Permalink
Find file
Fetching contributors…
Cannot retrieve contributors at this time
109 lines (87 sloc) 4.79 KB

Overview

This project is a set of skeleton scripts for running experiments, analyzing them, and reporting the results in an academic paper. Specifically, the scripts:

  1. Automatically runs experiments using a script and uploads the results to a google doc and/or rabbitmq queue.

  2. Downloads the results into R

  3. Generates statistics and figures

  4. Incorporates the statistics and figures into LaTeX with Sweave

This process has a number of benefits for academic paper writing:

  • You can watch your experiments progress by opening google docs and watching the new data come in. This can often give you an early indication of the effect, if any, your most recent change will have.

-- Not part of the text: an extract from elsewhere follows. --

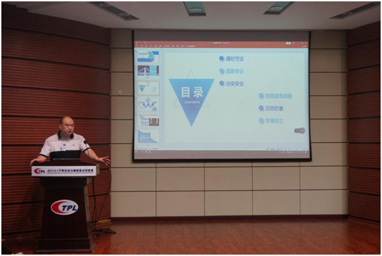学生工作组副组长余卉老师主持,学校保卫处李政老师主讲。

  • You can run experiments up to the deadline. Got last minute improved numbers? Simply run make and regenerate the paper. Did your last run hurt your numbers? Simply revert your google doc to the last good version.

  • Years later, you will always be able to find your experimental data. Need to make a new figure? No problem. Need to share your data? Just share the google doc, and optionally share your R script for analyzing it.

Quick Start

  • Add google docs spreadsheet key and login information to config.py.

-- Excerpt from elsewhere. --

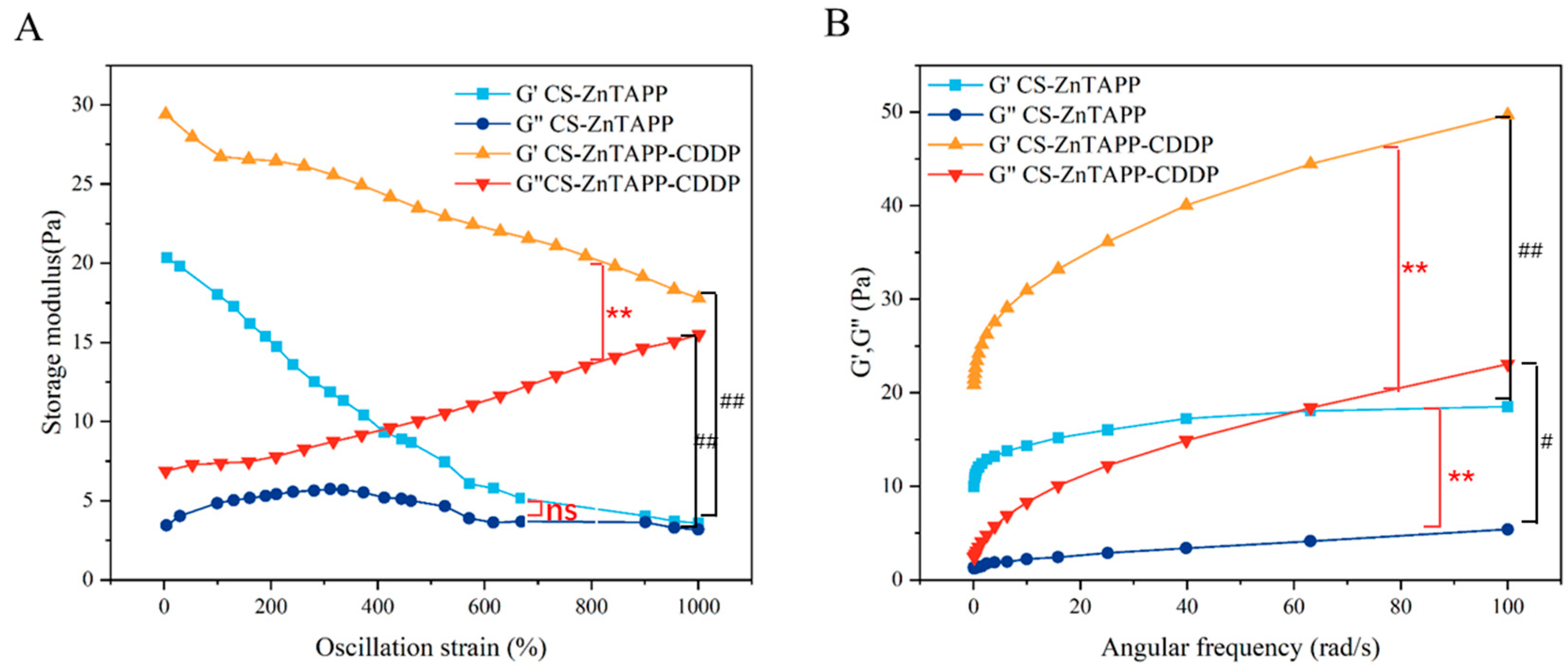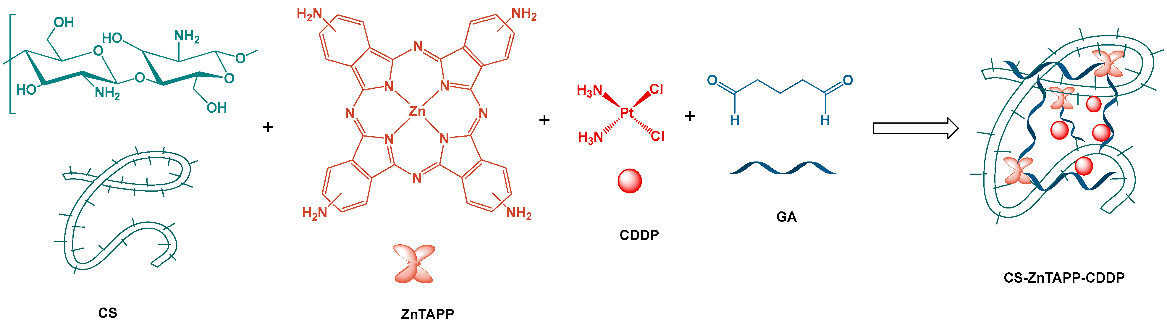 4.2. Synthesis of CS-ZnTAPP-CDDP Hydrogel

  • Run python autoexp_pool.py

  • Edit analyze.R to use your own google docs spreadsheet (you can get this url from File -> Publish to the web).

  • Run make

Details

The scripts in this project run a fictitious experiment that measures how long it takes to type my name (Ed) and the name of my co-author (Thanassis). Thanassis helped me write some of these scripts.

The main experiment script is autoexp.py. It is written in python, and is primarily set up to time external commands. The current version "measures" the time it takes to type a name by generating a random number. However, it should be easily adapted to real experiments. Before it can be used, you must put your google account information and the google docs spreadsheet key in the config.py file. You can find a spreadsheet's key by looking at its url. You can run the experiment using multiple cores on a single machine by running autoexp_pool.py. Alternatively, you can run the experiment on multiple machines with the help of a RabbitMQ server by running autoexp_producer.py on any machine, and then running autoexp_consumer.py on each worker machine. In either case, the scripts should add a new table called paper to the google docs spreadsheet. It should look like this. If you look at the spreadsheet while the script is running, you should be able to see each row being added to the spreadsheet. This is more useful for experiments that take hours or days to run. Alternatively, for experiments that produce outputs too large for a spreadsheet, you can save the results in a RabbitMQ queue by setting use_google=False and output_rabbitmq=True in config.py. You can then download the results into a csv file by running autoexp_download_output.py.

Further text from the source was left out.